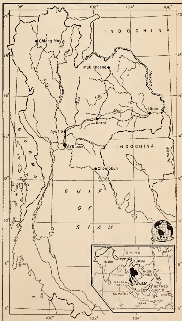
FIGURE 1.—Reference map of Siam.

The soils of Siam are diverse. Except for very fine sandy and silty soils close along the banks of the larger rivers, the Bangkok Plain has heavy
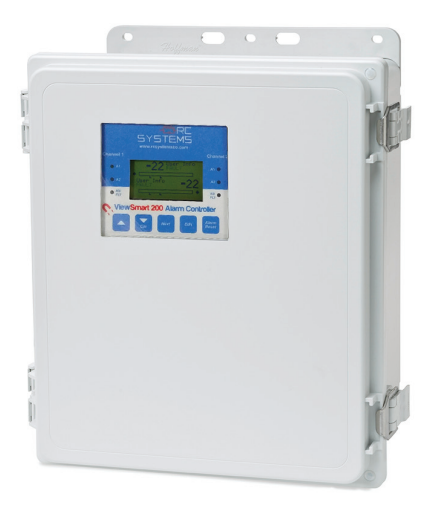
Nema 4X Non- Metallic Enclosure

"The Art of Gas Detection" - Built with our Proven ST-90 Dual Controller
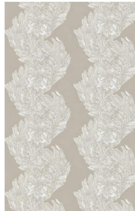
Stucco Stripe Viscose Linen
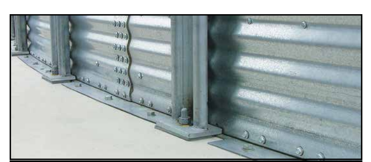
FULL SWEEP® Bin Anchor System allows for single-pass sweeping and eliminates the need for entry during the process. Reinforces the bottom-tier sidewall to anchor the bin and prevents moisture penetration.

_ _ _ _ _

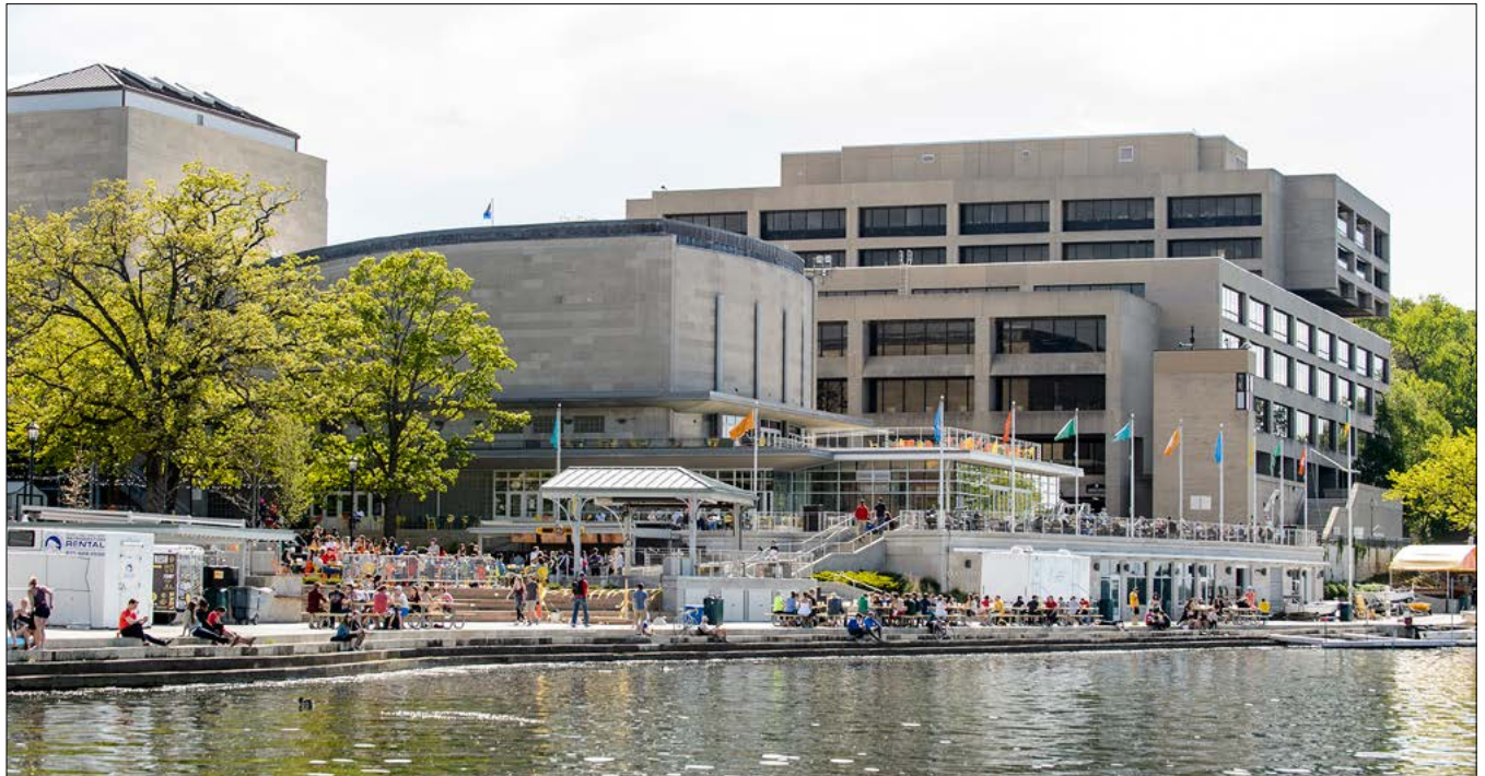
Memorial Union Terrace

_ _ _ _ _

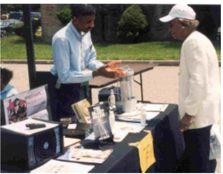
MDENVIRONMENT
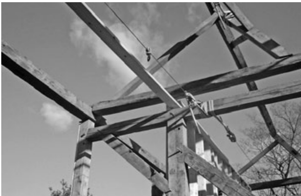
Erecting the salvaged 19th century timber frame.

_ _ _ _ _

● **Your objective**: Go down the entries above from the line containing "The soils of" to the line containing "FULL SWEEP® Bin" and write out each line exactly, leaving pictures out.

● **Written solution**:
The soils of Siam are diverse. Except for very fine sandy and silty soils close along the banks of the larger rivers, the Bangkok Plain has heavy
Nema 4X Non- Metallic Enclosure

"The Art of Gas Detection" - Built with our Proven ST-90 Dual Controller
Stucco Stripe Viscose Linen
FULL SWEEP® Bin Anchor System allows for single-pass sweeping and eliminates the need for entry during the process. Reinforces the bottom-tier sidewall to anchor the bin and prevents moisture penetration.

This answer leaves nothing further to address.